In the experimental dataset, these hand-tuned thresholds to define “bigness” captured 88% of the possible file size savings (i.e. our expected file size savings if we were to convert all of the images) without any false-positives of graphics being converted.

Dynamic JPEG Quality

The first and most well-known way to reduce the size of JPEG files is a setting called quality. Many applications capable of saving to the JPEG format specify quality as a number.

Quality is somewhat of an abstraction. In fact, there are separate qualities for each of the color channels of a JPEG image. Quality levels 0 – 100 map to different quantization tables for the color channels, determining how much data is lost (usually high frequency). Quantization in the signal domain is the one step in the JPEG encoding process that loses information.

The simplest way to reduce file size is to reduce the quality of the image, introducing more noise. Not every image loses the same amount of information at a given quality level though.

We can dynamically choose a quality setting which is optimized for each image, finding an ideal balance between quality and size. There are two ways to do this:

  • Bottom-up: These are algorithms that generate tuned quantization tables by processing the image at the 8×8 pixel block level. They calculate both how much theoretical quality was lost and how that lost data either amplifies or cancels out to be more or less visible to the human eye.
  • Top-down: These are algorithms that compare an entire image against an original version of itself and detect how much information was lost. By iteratively generating candidate images with different quality settings, we can choose the one that meets a minimum evaluated level by whichever evaluation algorithm we choose.

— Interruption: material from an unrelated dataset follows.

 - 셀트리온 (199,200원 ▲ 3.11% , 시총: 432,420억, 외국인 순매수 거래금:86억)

We evaluated a bottom-up algorithm, which in our experience did not yield suitable results at the higher end of the quality range we wanted to use (though it seems like it may still have potential in the mid-range of image qualities, where an encoder can begin to be more adventurous with the bytes it discards). Many of the scholarly papers on this strategy were published in the early 90s when computing power was at a premium and took shortcuts that option B addresses, such as not evaluating interactions across blocks.

So we took the second approach: use a bisection algorithm to generate candidate images at different quality levels, and evaluate each candidate image’s drop in quality by calculating its structural similarity metric (SSIM) using pyssim, until that value is at a configurable but static threshold. This enables us to selectively lower the average file size (and average quality) only for images which were above a perceivable decrease to begin with.

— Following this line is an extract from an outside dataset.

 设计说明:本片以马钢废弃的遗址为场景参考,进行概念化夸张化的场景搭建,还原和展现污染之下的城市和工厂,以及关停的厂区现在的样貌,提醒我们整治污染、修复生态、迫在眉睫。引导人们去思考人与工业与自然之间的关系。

In the below chart, we plot the SSIM values of 2500 images regenerated via 3 different quality approaches.

  1. The original images made by the current approach at quality = 85 are plotted as the blue line.
  2. An alternative approach to lowering file size, changing quality = 80, is plotted as the red line.
  3. And finally, the approach we ended up using, dynamic quality, SSIM 80-85, in orange, chooses a quality for the image in the range 80 to 85 (inclusive) based on meeting or exceeding an SSIM ratio: a pre-computed static value that made the transition occur somewhere in the middle of the images range. This lets us lower the average file size without lowering the quality of our worst-quality images.

SSIMs of 2500 images with 3 different quality strategies.

SSIMs of 2500 images with 3 different quality strategies.


There are quite a few image quality algorithms that try to mimic the human vision system. We’ve evaluated many of these and think that SSIM, while older, is most suitable for this iterative optimization based on a few characteristics:

  1. Sensitive to JPEG quantization error
  2. Fast, simple algorithm
  3. Can be computed on PIL native image objects without converting images to PNG and passing them to CLI applications (see #2)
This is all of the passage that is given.